● **Aim of the exercise**: The pictures do not belong in the copy. Restate all of the records word for word.

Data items
"""

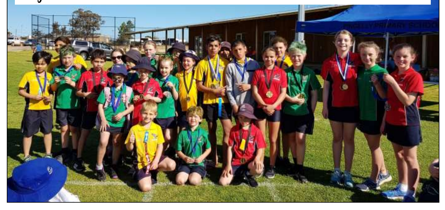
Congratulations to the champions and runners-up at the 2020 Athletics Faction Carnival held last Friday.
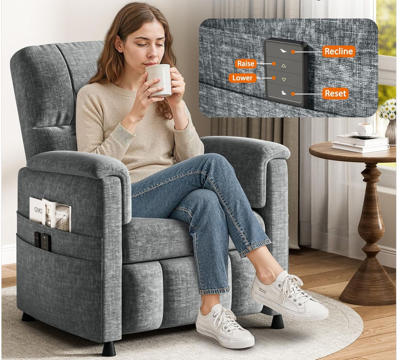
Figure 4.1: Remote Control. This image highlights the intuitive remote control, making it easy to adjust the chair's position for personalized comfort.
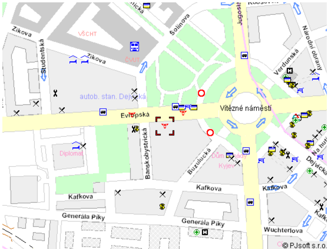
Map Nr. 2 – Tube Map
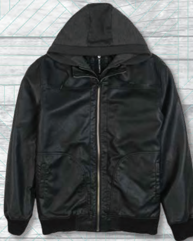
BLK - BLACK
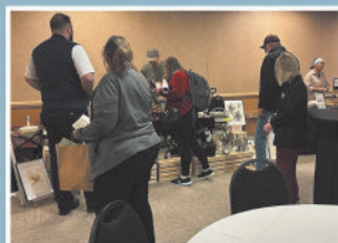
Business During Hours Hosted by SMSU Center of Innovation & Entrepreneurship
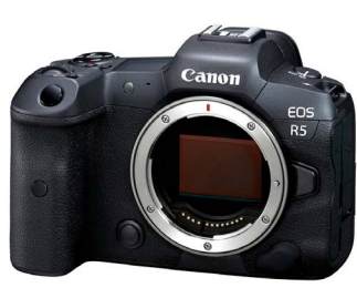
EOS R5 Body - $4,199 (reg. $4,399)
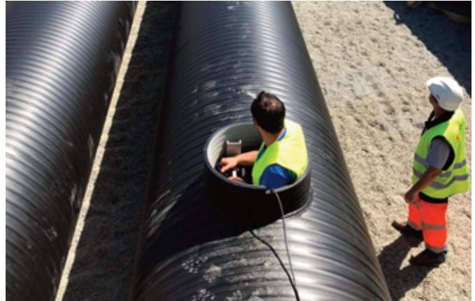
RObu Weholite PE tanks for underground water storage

"""

● **Solution below**:
Congratulations to the champions and runners-up at the 2020 Athletics Faction Carnival held last Friday.
Figure 4.1: Remote Control. This image highlights the intuitive remote control, making it easy to adjust the chair's position for personalized comfort.
Map Nr. 2 – Tube Map
BLK - BLACK
Business During Hours Hosted by SMSU Center of Innovation & Entrepreneurship
EOS R5 Body - $4,199 (reg. $4,399)
RObu Weholite PE tanks for underground water storage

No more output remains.